Date: 19 Dec 2025 10:47 pm (UTC)
mllesatine: some pink clouds (Default)
From: [personal profile] mllesatine
I just couldn't get into Wake up dead man. At first I thought it was deliberately badly written to show how skewed the young priest's perspective was but it seemed to be played straight? The old guy founded the church? Since when are catholic churches founded? Actually I don't even know if this was supposed to be a catholic church because it sounded so ludicrous the whole time.

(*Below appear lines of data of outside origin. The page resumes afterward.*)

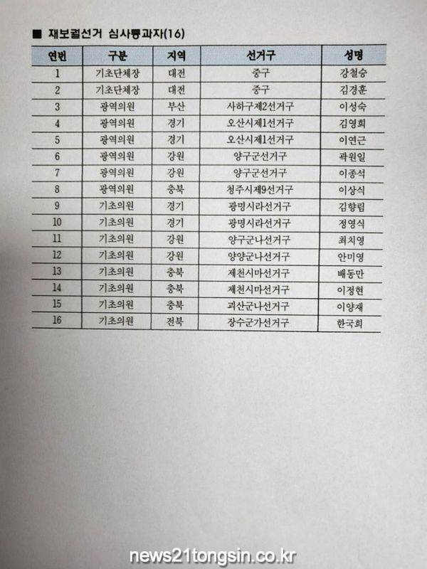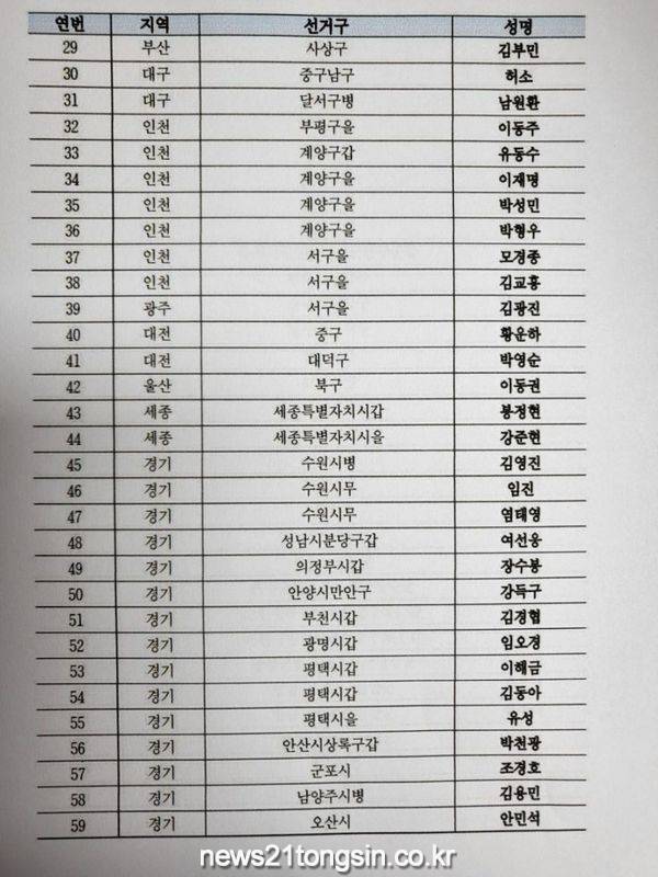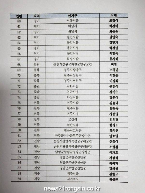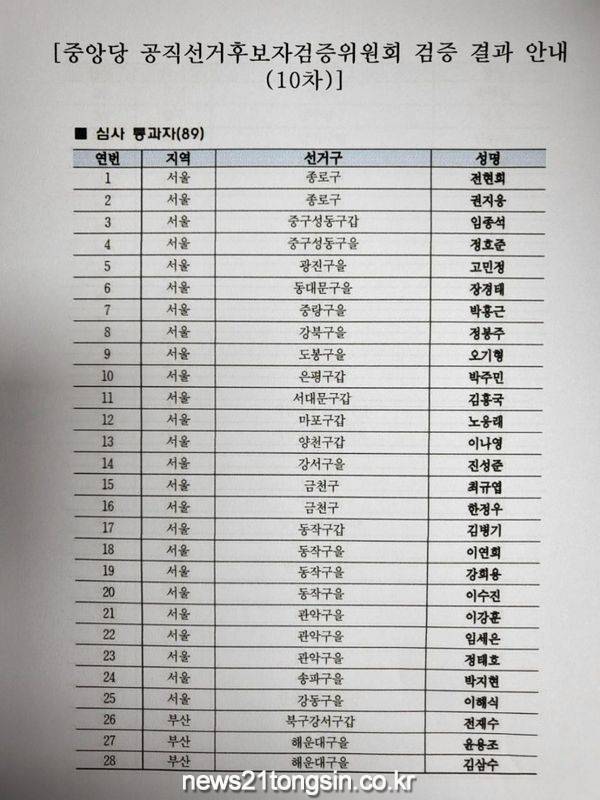 공직선거후보자 검증위원회 검증 결과(10차) 명단이 공개되었다.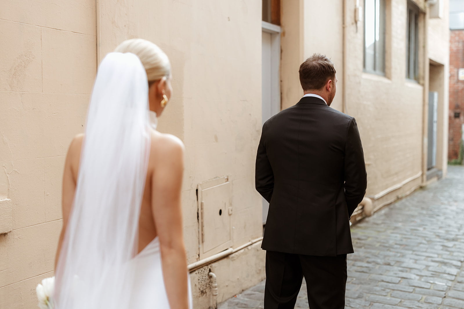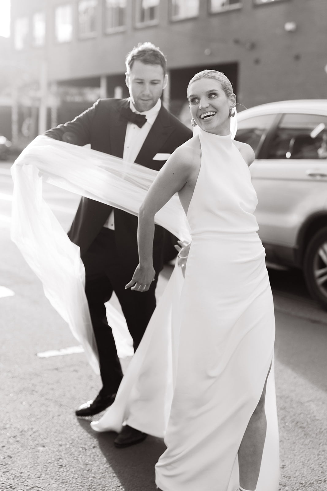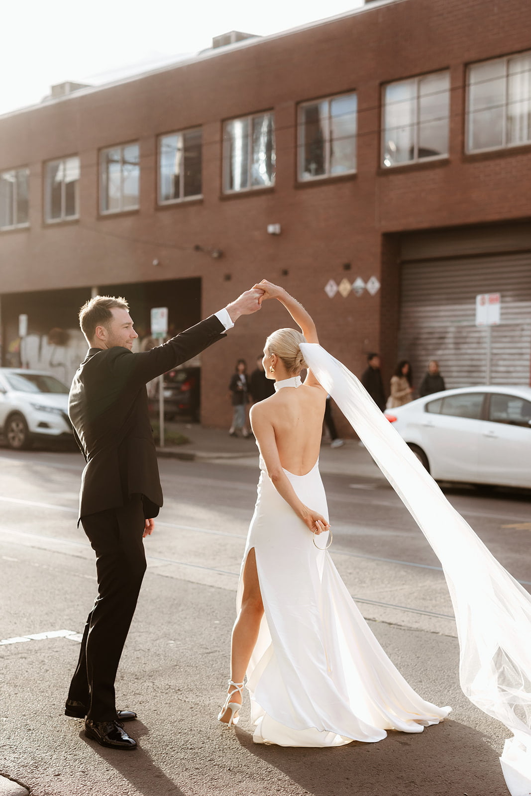MEMORABLE MOMENT “It is a testament to our photographer Nikki that the first look photos would be our favourite part of the day. Nikki lead us around the lanes of Fitzroy with music playing through a speaker clipped to her belt, alongside the three cameras used to photograph us.”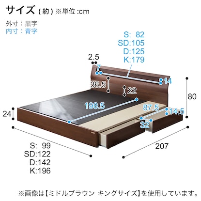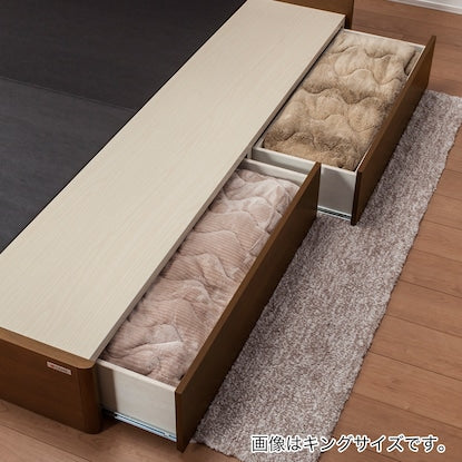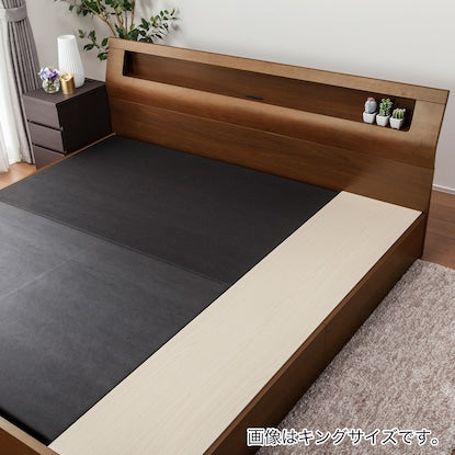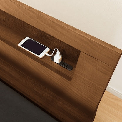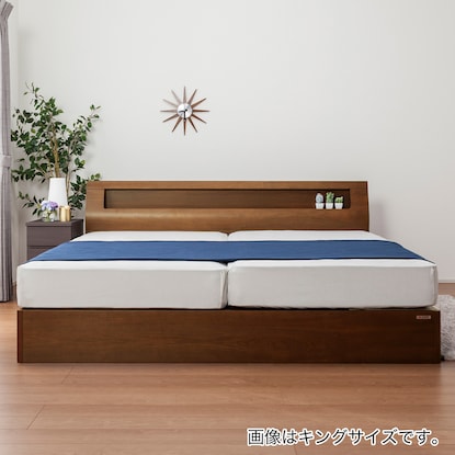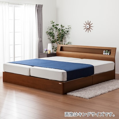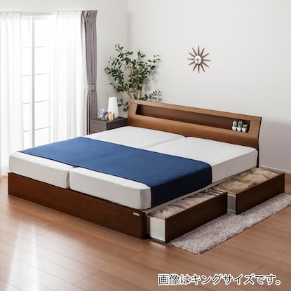 引出しは左右どちらでも取り付け可能です。※こちらは引出し付き・シングルサイズです。 ※マットレスは別売りです。ウォールナット材 流れるような美しい木目をもつウォールナット材がインテリアの雰囲気を高めます。 フルオープン引出し 衣類や寝具等を収納するのに便利です。 フルオープンスライドレール式で奥まで引き出せ、中身がひと目でわかり出し入れもスムーズです。 幅木よけ ヘッドボード側板には幅木をかわすための加工がされていますので、 壁面と隙間なく設置することが出来ます。コードを通すこともできます。 ※高さ7.5cm、厚み1cmの幅木まで対応します。 棚 携帯電話小物を置くのに便利です。 奥行き:7cm スライドカバー付き2口コンセント 携帯電話の充電に便利です。 差込口は埃の入りにくいスライドカバー付き。 ※コンセントの位置はS・SDサイズは右側、D・Kサイズは中央になります。■引出し内寸:幅87.5×奥行32.0×高さ14.5cm ※シングル・セミダブル・ダブル・キングすべて引出し内寸は同じサイズです。 ■引出しあり:床から床板までの高さ24cm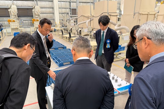 竣工式当日は、事業者や銀行関係者、地元関係者など約100人にご参加いただき、金型製作、鋳造、加工といった各工程の現場をご見学いただきました。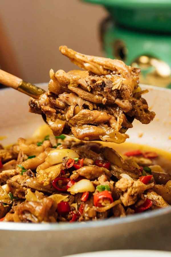 舀上一勺,濃鬱的湯汁裹挾著鮮嫩的雞肉,辣椒的香味早已容易雞肉的每一處紋理中,開胃又下飯!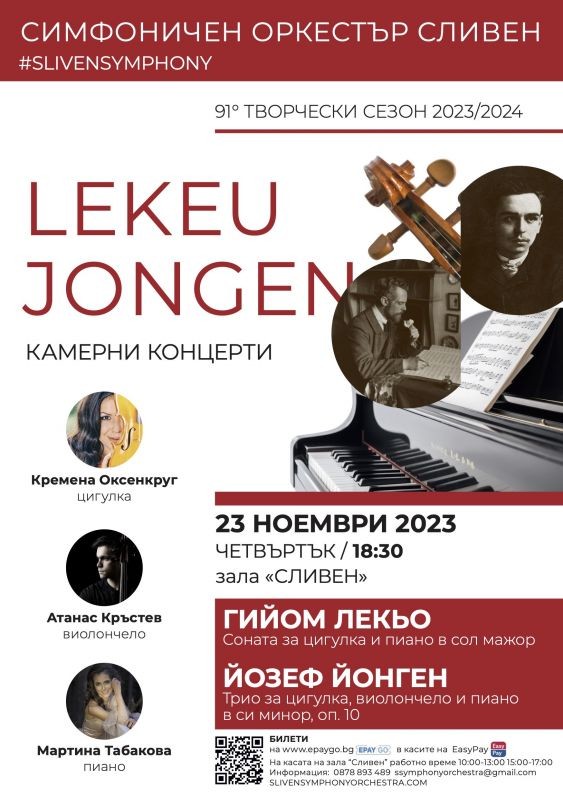 На сцената на зала „Сливен” ще бъде и българската премиера на Триото за цигулка, виолончело и пиано оп. 10 от Йозеф Йонген, друг влиятелен белгийски композитор с уникален и завладяващ музикален изказ.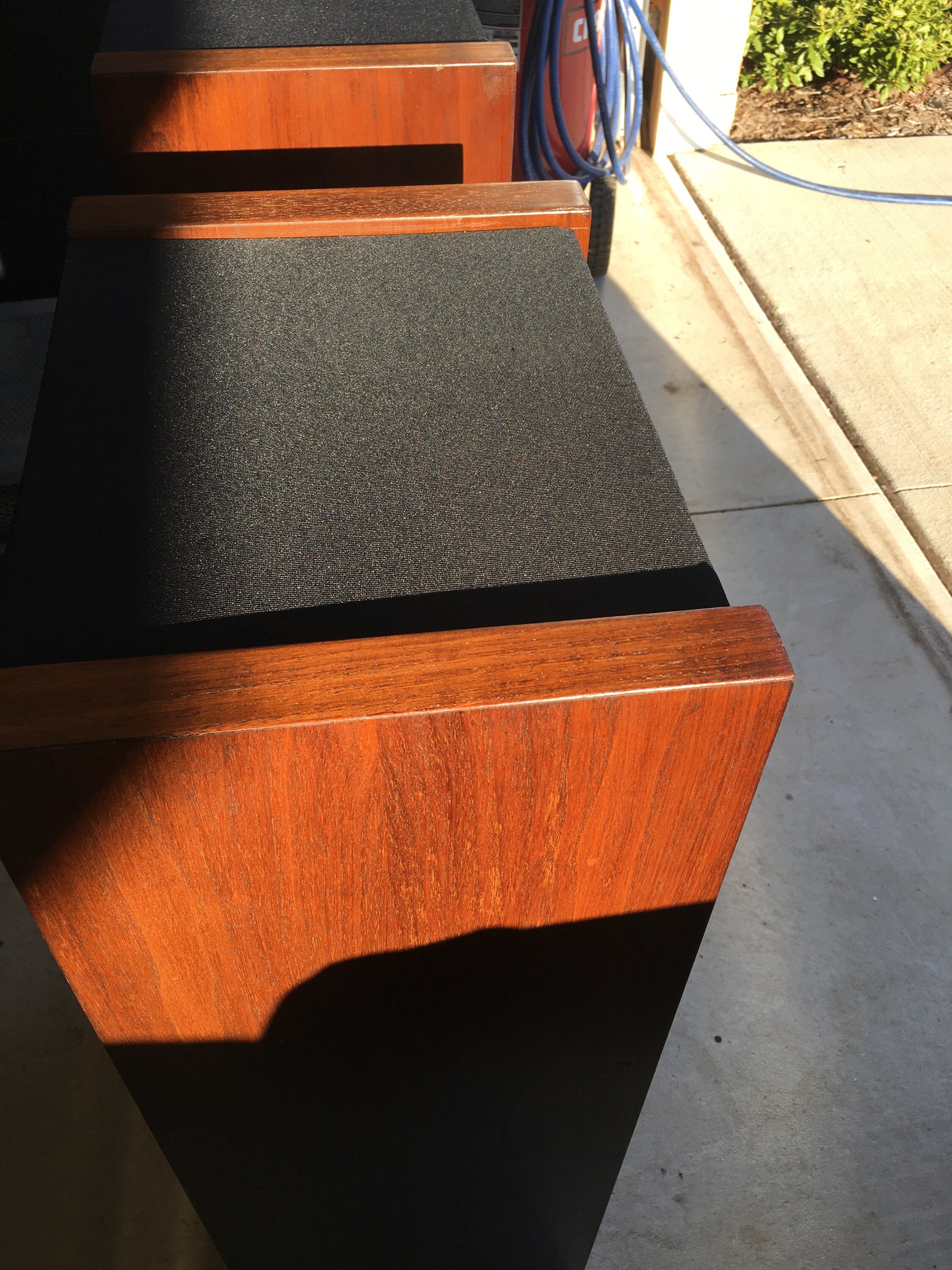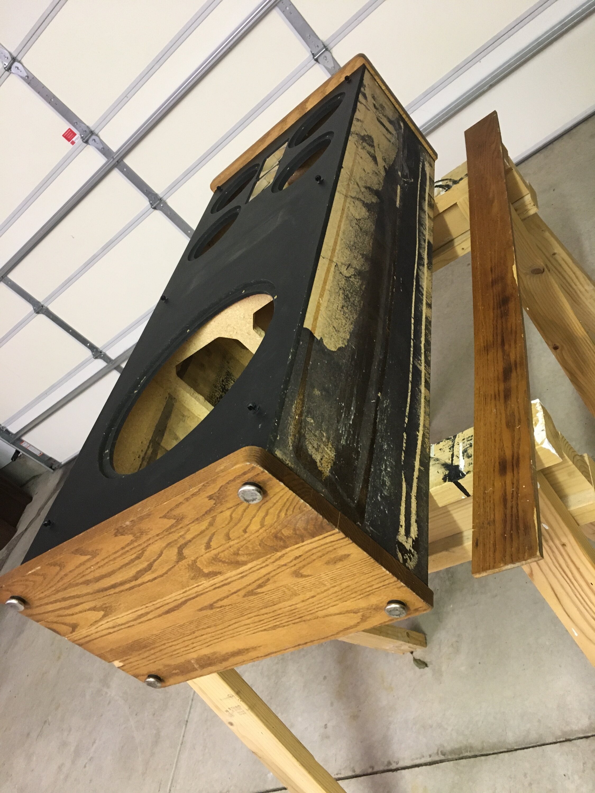 Rob 5,985 Posted July 19, 2022 Author Posted July 19, 2022 Finally with all this extra time on my hands again this summer because of part shortages, yes I am laid off again. I pulled up the Polk's to the garage and giving them a cosmetic restore. Been wanting to do this for a long time but Benn enjoying them with different amps and such. Hopefully I will have them finished by this weekend. This is the ugly one that someone cut the whole in it and decided to add their own style of tweeters. I mixed up some epoxy to try and even out the wood piece I used to fill the hole. Need the epoxy to fill in the cracks mostly. I bought the oak veneer and they will have new sides as well as new fabric on the sides. 3

I was looking forward to this movie and I'm honestly bummed. So many good actors who I enjoy - totally wasted on this nothing movie. I also looked very cheap to my eyes. The terrible green screen in the first few minutes, barely any scenes shot outside.

(no subject)

Date: 20 Dec 2025 03:30 pm (UTC)
mllesatine: some pink clouds (Default)
From: [personal profile] mllesatine
I briefly thought it was Anglican. I listened to a podcast today where the reviewers talked about Rian Johnson being raised evangelical. It makes sense that he wouldn't give a second thought to a line about "founding a new church" but did nobody else catch this?

Oh yeah, the first thing that threw me really off was that Josh Brolin had an illegitimate child and that he somehown didn't get blamed himself for this total lapse from abstinence. It would have made more sense for the parishioners to turn away from him or him being assigned to a new church but it sounded like everybody knew about his daughter.